Teacher may be a safer bet than via 6 year old, but tbh I've always just sent them with my son & not had one go astray - which is a miracle in itself....

amazingmumof6 · 28/06/2013 10:12

most schools have a contact sheet for the class your child is in - it is private for the class to use if there's an emergency, plus useful when you want to organize playdates, birthdays or need help with schoolrun etc.

ask the school office to print one out for you and send in your child's bookbag.

if it doesn't exist, talk to the headteacher to get it sorted.

either way, sending a note personally is really lovely, do it!
Also talk to your child's class teacher - they have lots of ways to help him in class to interact/connect with the other kids - he may not be as friend-less as you or him think!

My DS1 went through a phase of thinking he had no friends. I asked the teacher to help.
the next day she explained to the children, that DS1 wasn't sure who to ask to play with him - and asked the children to put their hands up if they would like to play with DS1.
it still brings a tear to my eye, that 20 little eager hands went up in the air! Smile

good luck, I'm sure it will work out!

Fresh01 · 28/06/2013 10:56

I got given a note this morning by my son's playgroup teacher with x little boys name on it, her name and phone number. Nothing else. Kids break up for summer today and she wants to get the boys together over the summer as they will go to the same preschool in sept. I have spoken to the mum briefly a few months ago. I didn't think it at all strange and will today text her with my number.

CMOTDibbler · 28/06/2013 11:06

I've done that, and its worked well. For weekends its nice to meet somewhere like softplay as you can get to know each other while the children play, or stop and have a cup of coffee at the others house.

Ds is always keen to try and sort out playing, so will give the other the note and they seem to get through.

FryOneFatManic · 28/06/2013 14:40

amazingmumof6 DS's school will not do contact lists, and yes, various people have asked. They keep going on about data protection, etc.

So most of us tend to build up our on little lists for contacts, especially by getting parents to let us have a contact number when DCs are dropped off for parties, and then keeping the numbers for future reference. But some parents tend not to join in, have parties, etc so it gets difficult to find a contact.

DamnBamboo · 28/06/2013 14:45

I have done this.
It was fine and the other mum welcomed the 'introduction'.

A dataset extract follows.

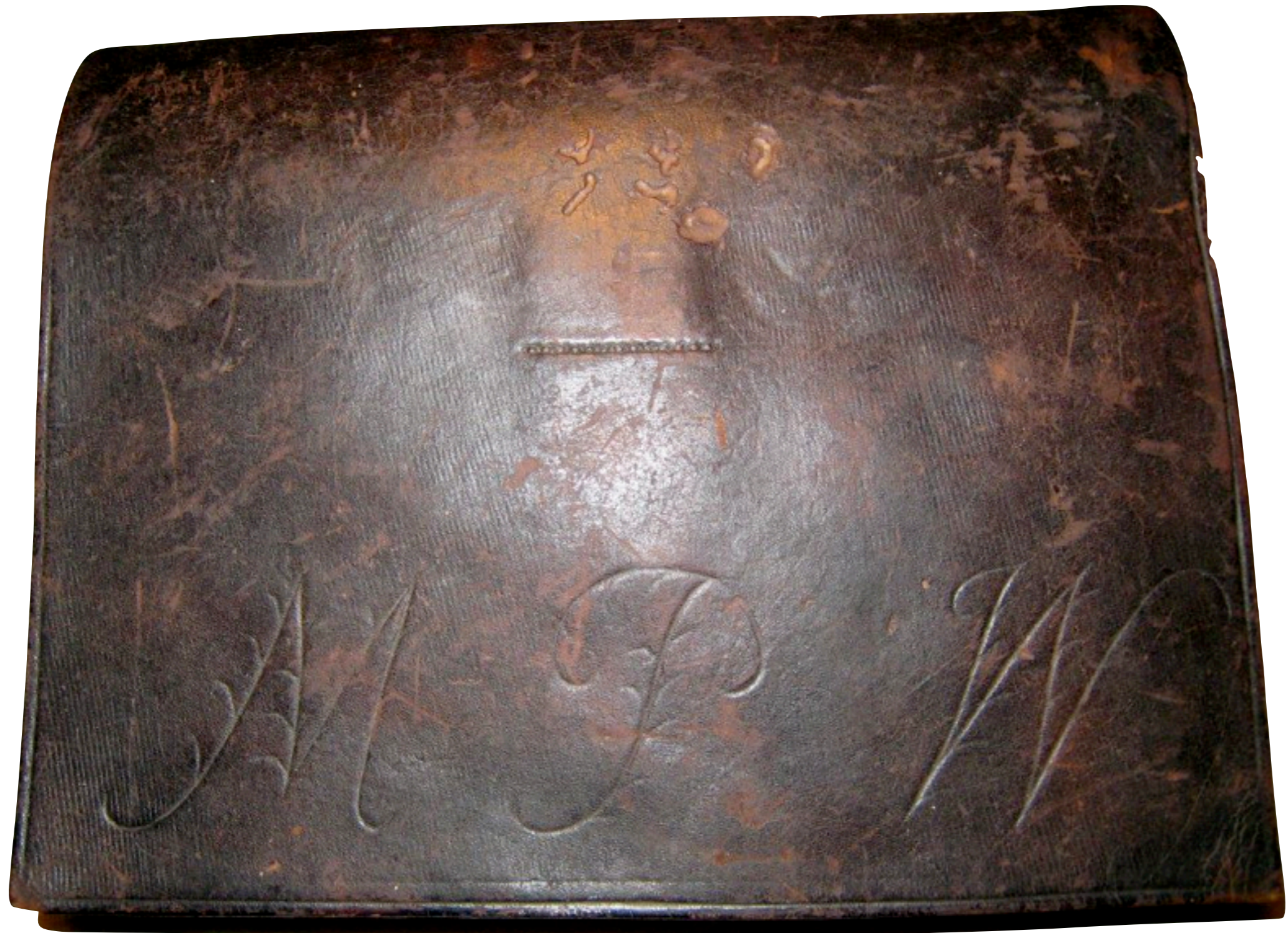
American 24 Round Cartridge Pouch Inscribed "M P W" 18th Century (Private Collection)

Give it go, you've got nothing to lose

KatyTheCleaningLady · 01/07/2013 09:53

I thought I'd update. I managed to do the school run this morning, and met the little boy and his mum. She seemed really pleased that I introduced myself. I mean, she seemed touched or flattered or something. It was sweet.

She said weekends are best for her and that their house has a good garden for playing. We didn't have pens, so we agreed to send contact info via our sons.

She seems nice and I'm glad I approached her. Although I didn't do the note thing, this thread gave me confidence to reach out because some of you said it made you feel good when you were contacted.

I am sort of shy and tend to avoid the school gate scene, so I'm glad I did it.